Aim to reduce sunk costs or find someone to take them on
To prepare for a mini retirement, Goesel suggests that folks consider their sunk costs. Sunk costs are expenses that have been incurred already, like car payments, student loans, rent, or mortgage.
“Find someone to live in your house and assume your mortgage or lease for the period you will be traveling,” she says.
Okafor, for example, sublet his apartment for the time he was out of the country, and he rented out his car under the auspices of a car-sharing service.

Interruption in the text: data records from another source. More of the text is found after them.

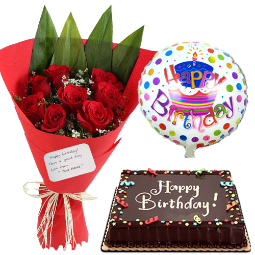 12 Red Roses in a bouquet with 1pcs Happy Birthday Mylar Balloon and a Chocolate Dedication Cake By Red Ribbon.
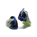 Starting at the top of the shoe, a short bright blue tab is placed over a silvery platinum base at the upper tongue — the blue accents also appear along the ripstop backstay that comes with orange “Vapormax” branding. Most of the uppers come in a muted gray palette, textured by its stretchy Flyknit weave, while subtle hints of neon appear at the eyelets and mid-section. To match the shade of the laces and side Swoosh, a black heel counter is placed just over the glossy Air unit cushions. As a finishing note, fluorescent volt highlights appear at the midsole’s forefoot, creating a bold two-toned contrast at the sneaker’s foundation.
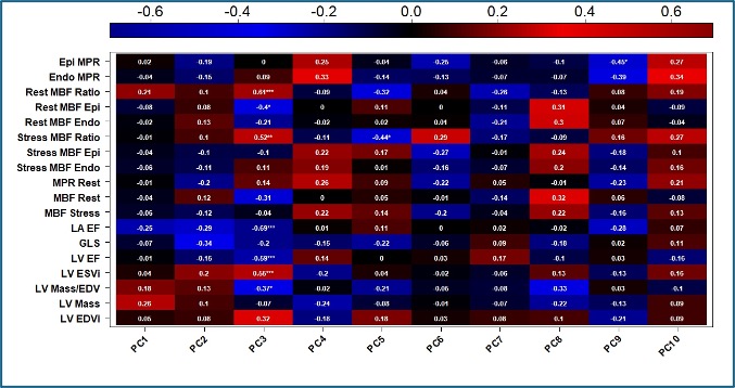 Figure 2: Eigencor plot showing the correlation between principal components (1-10) on the x axis and cardiac MRI parameters from patients’ follow up study visit on the y axis. Colours indicate the strength and direction of the correlation, with red representing positive correlations and blue representing negative correlations. The scaled bar on the right represents correlation coefficients, and significance levels are denoted by asterisks (*p < 0.05, **p < 0.01, ***p < 0.001). PC, principal component; LVEDVi, indexed left ventricular end diastolic volume; LV Mass EDV, left ventricular mass to end diastolic volume ratio; LVESVi, left ventricular end systolic volume indexed; LVEF, left ventricular ejection fraction; GLS, global longitudinal strain; Atrial EF, atrial ejection fraction; MBF Stress, stress myocardial blood flow; MBF Rest, rest myocardial blood flow; MPR rest global, global myocardial perfusion reserve; Stress MBF Endo, endocardial stress myocardial blood flow; Stress MBF Epi, epicardial stress myocardial blood flow; Stress MBF Ratio, stress myocardial blood flow ratio; Rest MBF Endo, endocardial rest myocardial blood flow; Rest MBF epi, epicardial rest myocardial blood flow; Rest MBF ratio, rest myocardial blood flow ratio; Endo MPR, endocardial myocardial perfusion reserve; Epi MPR, epicardial myocardial perfusion reserve.
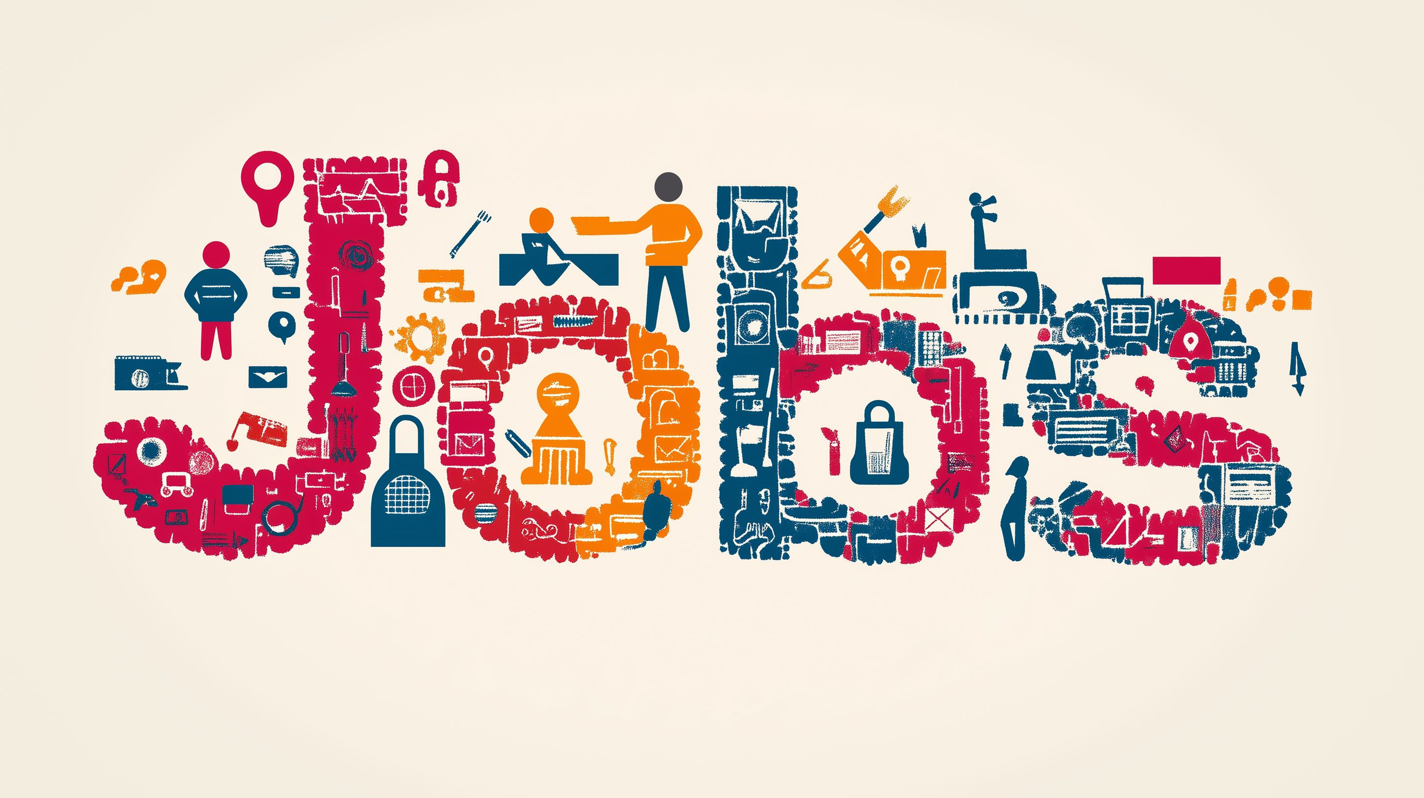 Dieses bunte und symbolreiche Bild vermittelt die Vielfalt und Dynamik der modernen Arbeitswelt. Es zeigt eine Fülle verschiedenster Symbole und Ikonen, die für unterschiedliche Berufe, Tätigkeiten und Konzepte stehen - von traditionellen Handwerksberufen bis hin zu innovativen Technologiejobs. Die Anordnung der Elemente in Form des Wortes 'Jobs' unterstreicht den Fokus auf Karriere, Beschäftigung und Erwerbstätigkeit. Die leuchtenden Farben, die abstrakten Formen und die detailreiche Gestaltung machen dieses Stockfoto zu einem spannenden, modernen und inspirierenden Motiv, das sich hervorragend für den Einsatz in Blogs, Newslettern, Social-Media-Beiträgen oder Werbematerialien rund um das Thema Arbeit und Beruf eignet. Das hochaufgelöste Bild steht unter einer Creative-Commons-Lizenz zum kostenlosen Download zur Verfügung.
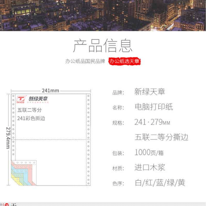 綠天章 241-4S 電腦打印紙 (色序:白紅藍(lán)黃 1200頁(yè)/箱(四聯(lián)二等分撕邊)
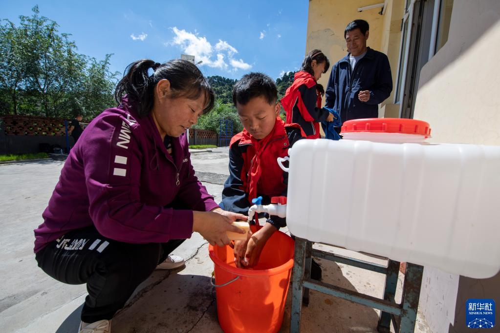 9月7日,在平顺县达驼村达驼教学点,李月梅(左一)在吃午饭前给学生洗手。新华社记者 杨晨光 摄
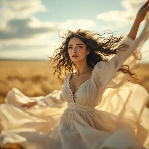 8 months ago <ссылка на изображение> A cinematic highly detailed shot of a young woman with slightly tanned skin voluminous curly hair and deep brown eyes She is wearing a flowing white dress that moves beautifully as she dances in the open steppe Her movements are graceful and free with her hair caught in the wind and the fabric of her dress lifting dynamically The warm golden light enhances the atmosphere creating a dreamy and artistic feel Photorealistic details intricate textures and a beautifully balanced composition --iw 2 --ar 16:9 --v 6 --q 2 --style 4b --seed 1398880791 mollie_0696 0 5
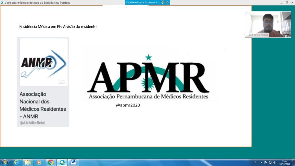 O presidente da Associação Pernambucana de Médicos Residentes (APMR), Erick Barreto Pordeus, apresentou a aula “Residência Médica em Pernambuco: a visão dos residentes”, através de plataforma on-line, no XI Curso Básico de Atualização em Ética e Bioética para Residência Médica do Cremepe, na tarde desta quarta-feira (18/11), encerrando o ciclo de palestras do evento. Após a aula do médico, foi aberta a sessão de análise e discussão de casos, mediada pelos conselheiros do Cremepe.
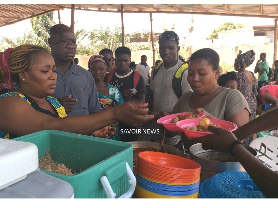 En file indienne, les bénéficiaires munis de leur carte, étaient servis, chacun selon le menu de son choix. Le coût unitaire de chaque repas est de 300 FCFA par personne vulnérable notamment les personnes malades, handicapées, veuves, orphelins, les alcooliques et drogués.
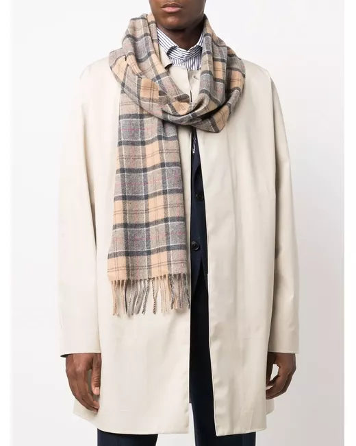 Beige, lana, stampa con motivo tartan, dettaglio con frange e design lungo.
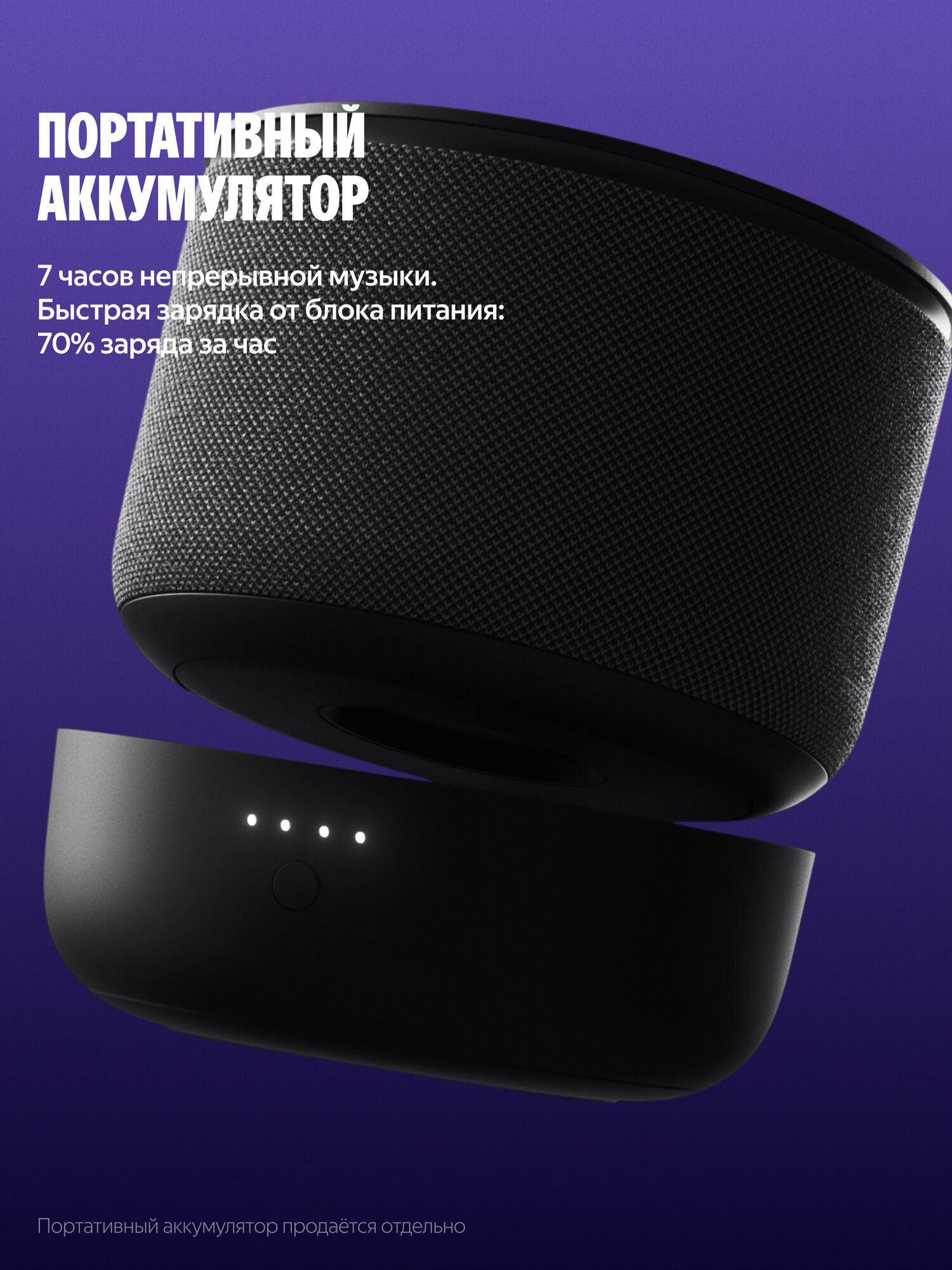Портативный аккумулятор для Станции Мини 3 Про позволяет переносить умную колонку из комнаты в комнату и брать её с собой куда угодно, чтобы не расставаться с Алисой и любимой музыкой.
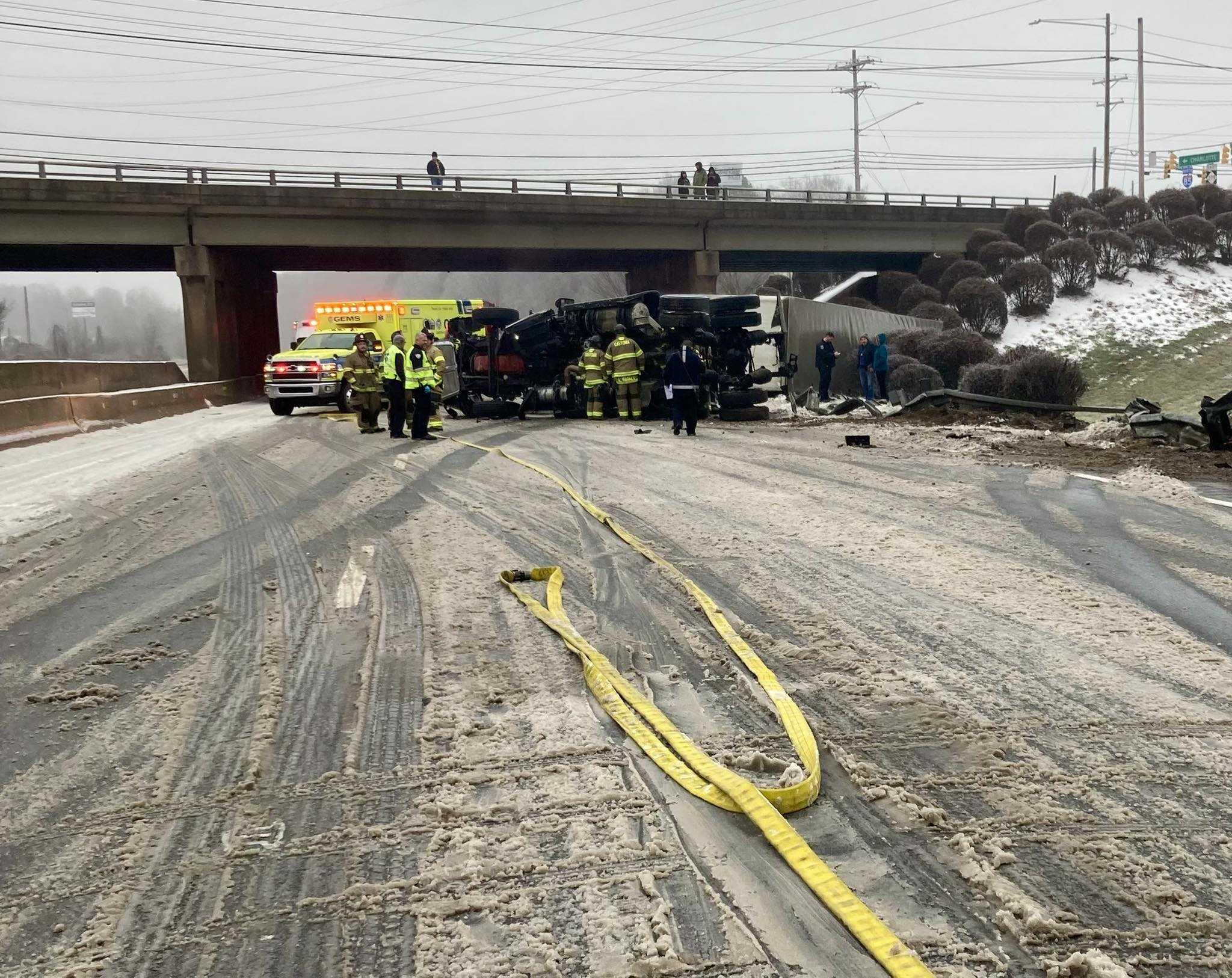 Semi Rolls Over on I-85 North in Gaston County as Ice Storm Creates Hazardous Roads and Crews Clear Scene Overnight
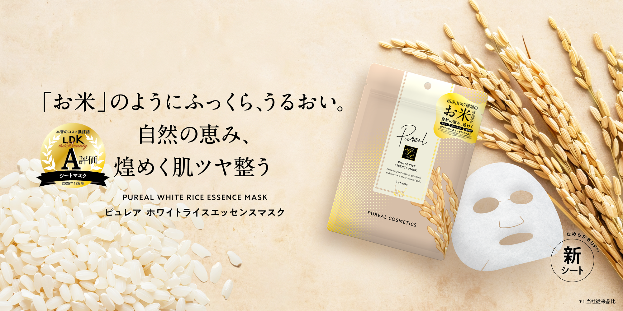 *1 当社従来品比 *3 グルコシルセラミド、コメヌカエキス、酒粕エキス、コメ発酵液、加水分解コメタンパク、アスペルギルス/コメ発酵エキス、コメ胚芽油(すべて保湿成分)

Make sure you have health coverage during your mini retirement
Nelson at Brighton Securities notes that health insurance is a key consideration in planning for a mini retirement, whether your time off is spent domestically or traveling abroad. He advises negotiating with your current health care provider or finding a new plan altogether.
Who was voted the best?: Best Rewards Credit Card (10Best Readers’ Choice Awards 2024)
“Consider enrolling in the government’s health insurance marketplace at Healthcare.gov if you can’t retain employer coverage,” advises Goesel.
Keep in mind that a micro retirement may affect your career trajectory
“While stepping away from work can offer a chance to travel, pursue education, or simply take a breather to prevent burnout and shape future career goals, stepping away from your job too soon could disrupt momentum or promotions,” says Nelson at Brighton Securities.
More on USA TODAY: From prepped to panicked: How different generations feel about retirement
As such, if you want to stay in the same field or even with the same company, having a clear conversation with your current employer about what follows your micro retirement is key.
While Okafor leveraged his micro retirement to transition away from his employer, others may want to return to the same company or line of work. Consider whether your employer will have opportunities for you after your time away, and, if not, whether you’re prepared to search for employment elsewhere.